The "uname -r" command will tell you the Linux kernel release you're running on.

74 Replies
Tracer Lite

Re: M500/M5x0 QUEUED-TRIM data corruption alert (mostly for Linux users)

[ Edited ]

Thanks for mentioning this. This was raised in another thread, but perhaps ignored because most people are using windows and some people have seen a drop in 4K perfomance with MU05.

http://forum.crucial.com/t5/Solid-State-Drives-SSD/The-newest-response-from-Crucial-about-the-4K-per...

 

The specific references were:

http://comments.gmane.org/gmane.linux.ide/56084

http://www.spinics.net/lists/linux-ide/msg48361.html

 

JEDEC Jedi

Re: M500/M5x0 QUEUED-TRIM data corruption alert (mostly for Linux users)


hmh wrote:

I had a much larger post where I tracked the relevant kernel releases where the M500 and M550 were blacklisted for QUEUED TRIM, etc.

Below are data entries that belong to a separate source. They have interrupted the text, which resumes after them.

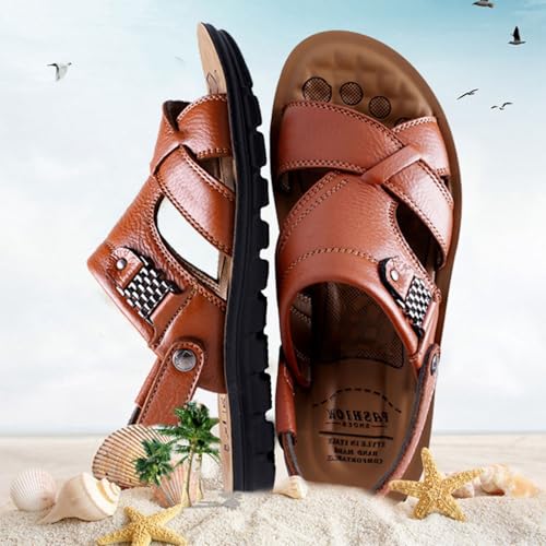 Men's Leather Casual Flat Sandals with Adjustable Dual use Ankle Straps Open Toe Cutout Anti-Slip Summer Breathable Sandals
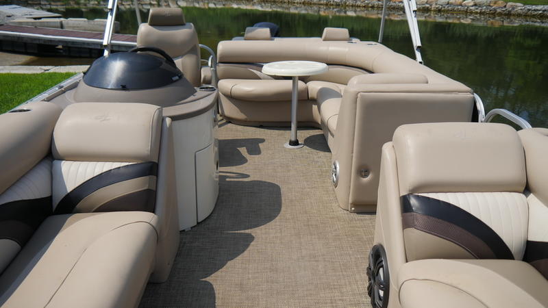 Boat was just serviced and comes with a full mooring cover. Upholstery is all around in good conditon, showing some minor signs of sun damage. Port side pontoon does have a dent in the rear of the tube, but has been pressure tested and is in good conditon.
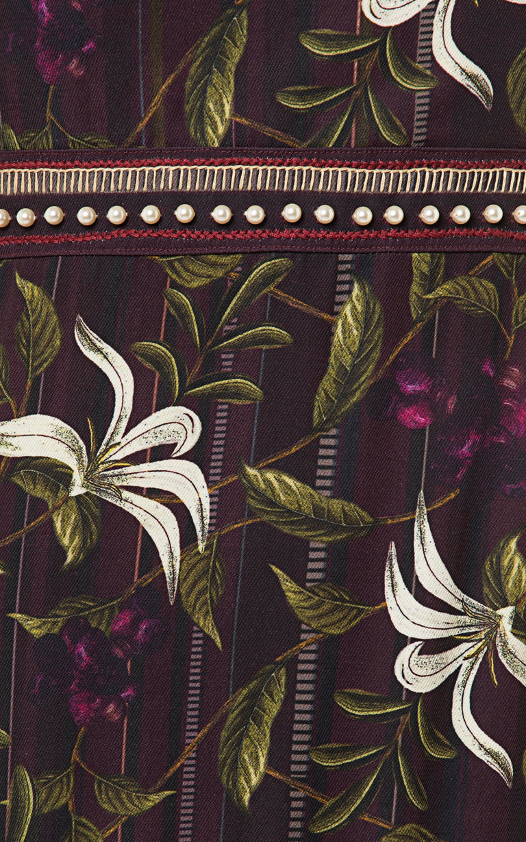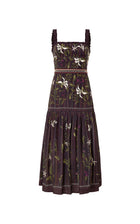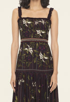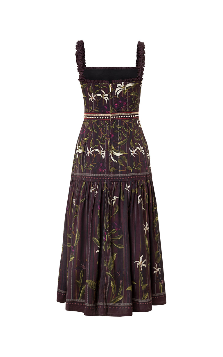 Easy and fun, the Níspero Café midi dress features ruffled details lining a square neck, decorative buttons in the front, and concealed zip fastening along the back. With some delicate pearls surrounding the waist, this piece becomes a season favorite.

The forum ate it before I could post, and I won't hunt down that information again.


Thanks for the information anyway Smiley Happy As for the disappearing long posts, emails - my personal remedy for that is "Ctrl+C Ctrl+V strategy" Smiley Wink

______________________________________

FAQs and Top Forum Solutions
Did a user help you? Say thanks by giving Kudos!
How do I know what memory to buy?
Still need help? Contact Crucial Customer Service
Remember to regularly backup your important data!

Bit Baby

Re: M500/M5x0 QUEUED-TRIM data corruption alert (mostly for Linux users)

I have Crucial_CT480M500SSD1 (M500, 2.5, 480 GB) with firmware MU05 and that problem still persist.

 

Recent kernels (3.14.[45]) have firmware exclusion for QUEUED-TRIM workaround and it can get you REAL TROUBLE after deleting large files. BROKEN PARTITION TABLE included.

 

 

hmh
Binary Boss

Re: M500/M5x0 QUEUED-TRIM data corruption alert (mostly for Linux users)

[ Edited ]

xarafaxz, Have you contacted Crucial technical support directly about it? Do you have a sequence of commands that reproduce the issue?

 

EDIT: the regression is already reported upstream on the Linux kernel, and an Oracle employee is going to report it directly to Micron. https://bugzilla.kernel.org/show_bug.cgi?id=71371

 

How to know you hit the bug: The SSD will **bleep** over itself, corrupt data, and return something like this in the kernel log:

 

ata4.00: failed command: READ FPDMA QUEUED
ata4.00: cmd 60/08:d0:88:da:9f/00:00:09:00:00/40 tag 26 ncq 4096 in
             res 40/00:e4:00:00:00/00:00:00:00:00/a0 Emask 0x1 (device error)
ata4.00: status: { DRDY }
Tracer Lite

Re: M500/M5x0 QUEUED-TRIM data corruption alert (mostly for Linux users)

[ Edited ]

Hi, can you post all steps needed to reproduce this bug, so that we can confirm that it affects MU05.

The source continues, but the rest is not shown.